Data entries:
+-------+

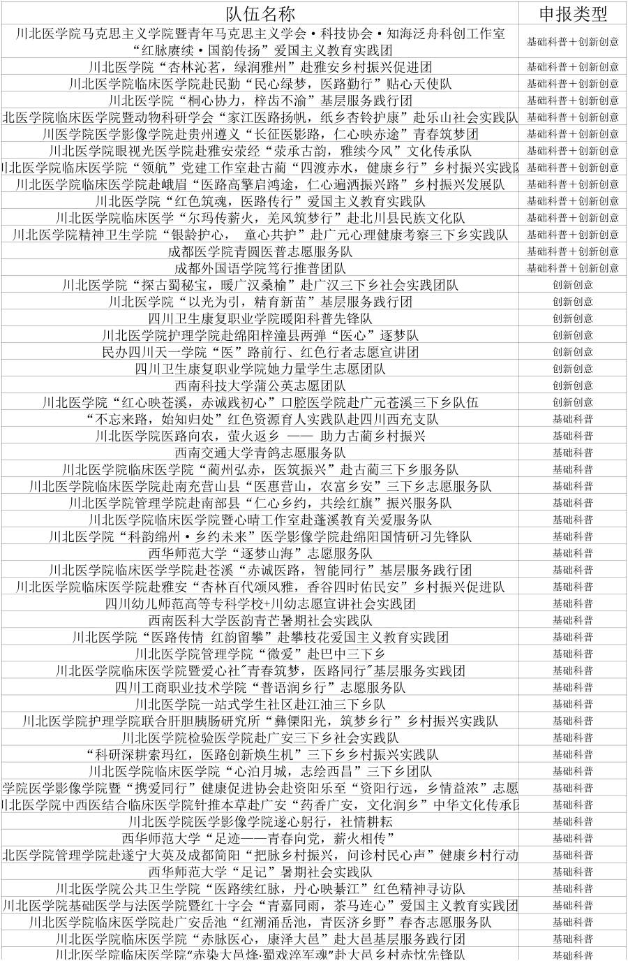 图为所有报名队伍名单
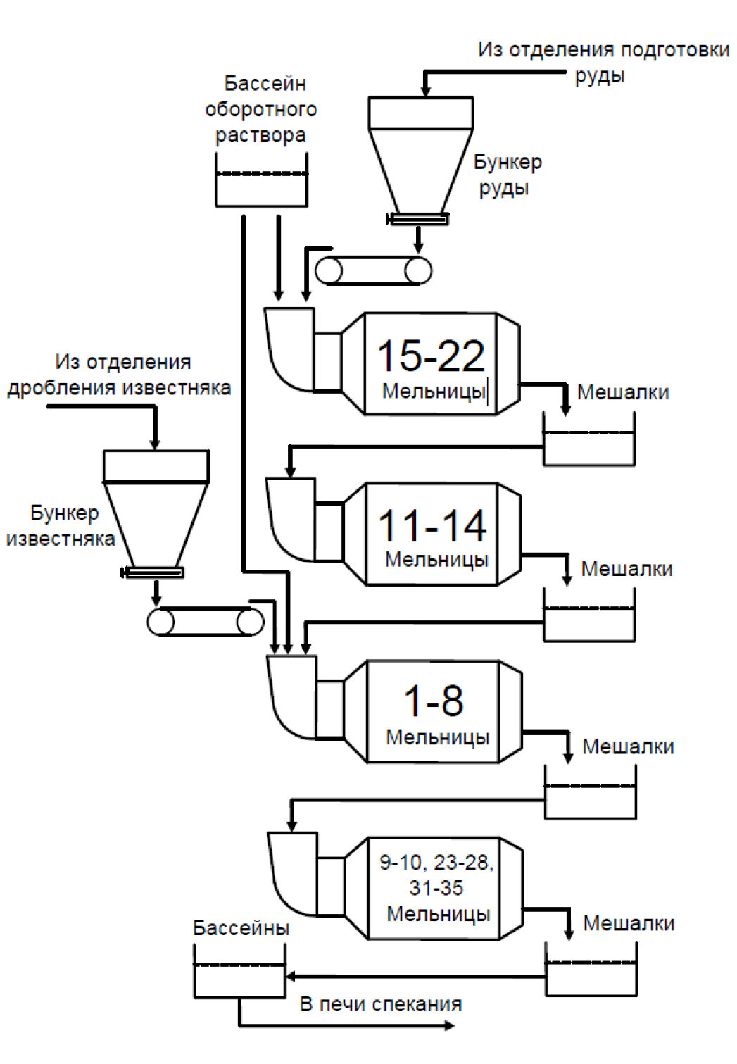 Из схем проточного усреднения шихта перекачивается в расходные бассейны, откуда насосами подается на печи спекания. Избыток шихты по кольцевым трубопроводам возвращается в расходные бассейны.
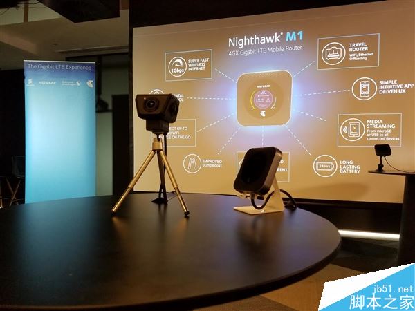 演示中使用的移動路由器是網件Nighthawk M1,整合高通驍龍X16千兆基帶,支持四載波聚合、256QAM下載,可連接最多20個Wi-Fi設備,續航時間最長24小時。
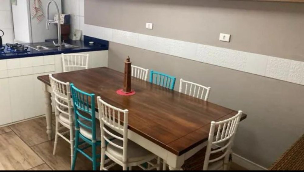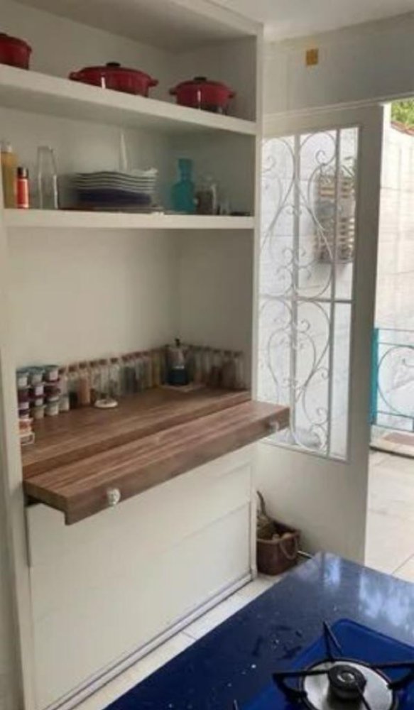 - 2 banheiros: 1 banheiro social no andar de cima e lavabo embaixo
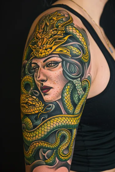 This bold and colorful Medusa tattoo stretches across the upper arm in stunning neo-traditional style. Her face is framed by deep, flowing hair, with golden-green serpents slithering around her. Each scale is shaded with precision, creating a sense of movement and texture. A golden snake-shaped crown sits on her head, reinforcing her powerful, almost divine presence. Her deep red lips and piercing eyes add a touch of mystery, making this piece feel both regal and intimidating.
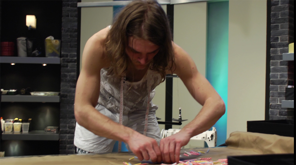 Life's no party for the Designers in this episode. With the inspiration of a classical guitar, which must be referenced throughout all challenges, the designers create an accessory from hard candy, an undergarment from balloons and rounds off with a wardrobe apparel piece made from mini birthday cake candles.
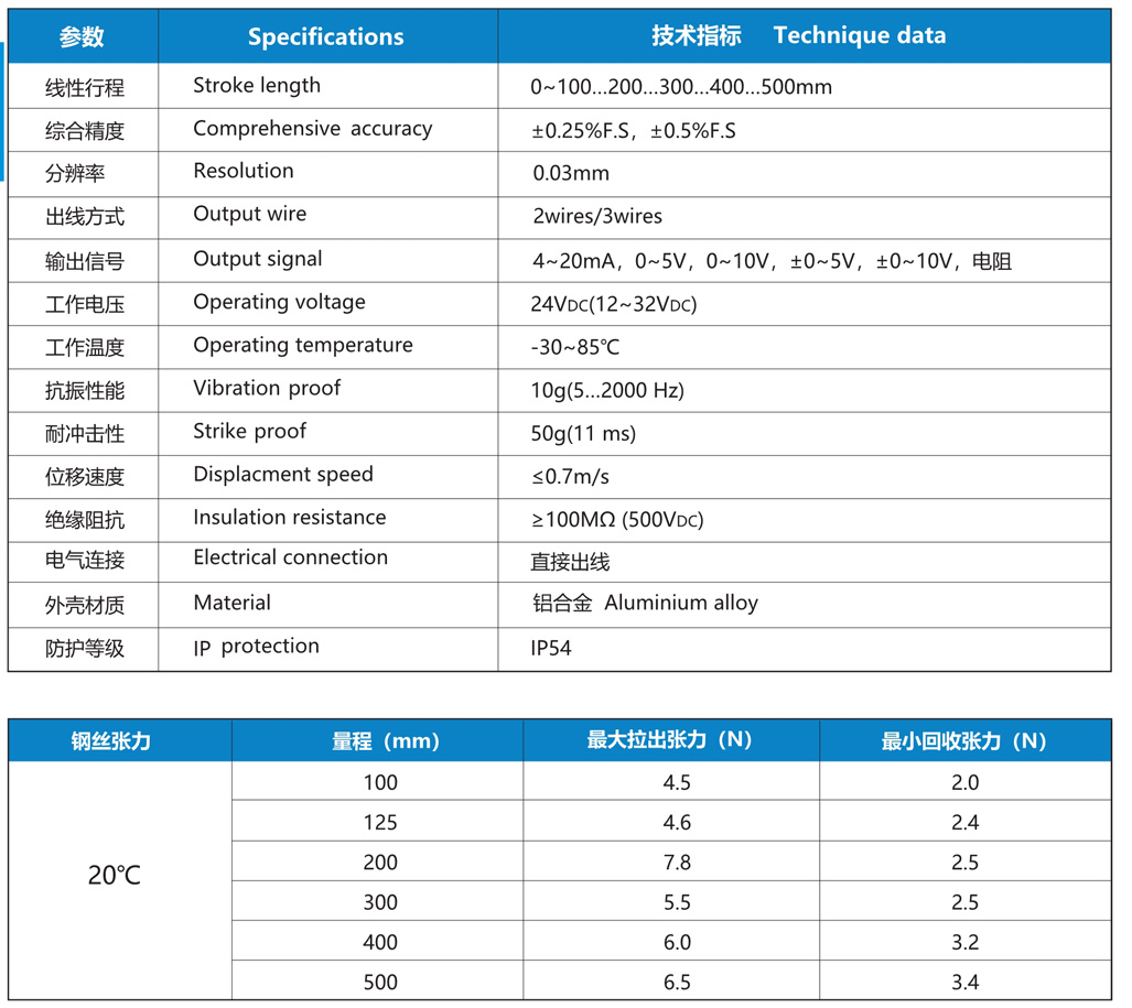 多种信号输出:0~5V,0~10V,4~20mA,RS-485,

+-------+

▶ [DIRECTIONS FOR THIS TASK]: The entries above must be restated exactly in the answer, and the pictures left out.

▶ [TASK RESPONSE]:
 图为所有报名队伍名单
 Из схем проточного усреднения шихта перекачивается в расходные бассейны, откуда насосами подается на печи спекания. Избыток шихты по кольцевым трубопроводам возвращается в расходные бассейны.
 演示中使用的移動路由器是網件Nighthawk M1,整合高通驍龍X16千兆基帶,支持四載波聚合、256QAM下載,可連接最多20個Wi-Fi設備,續航時間最長24小時。
 - 2 banheiros: 1 banheiro social no andar de cima e lavabo embaixo
 This bold and colorful Medusa tattoo stretches across the upper arm in stunning neo-traditional style. Her face is framed by deep, flowing hair, with golden-green serpents slithering around her. Each scale is shaded with precision, creating a sense of movement and texture. A golden snake-shaped crown sits on her head, reinforcing her powerful, almost divine presence. Her deep red lips and piercing eyes add a touch of mystery, making this piece feel both regal and intimidating.
 Life's no party for the Designers in this episode. With the inspiration of a classical guitar, which must be referenced throughout all challenges, the designers create an accessory from hard candy, an undergarment from balloons and rounds off with a wardrobe apparel piece made from mini birthday cake candles.
 多种信号输出:0~5V,0~10V,4~20mA,RS-485,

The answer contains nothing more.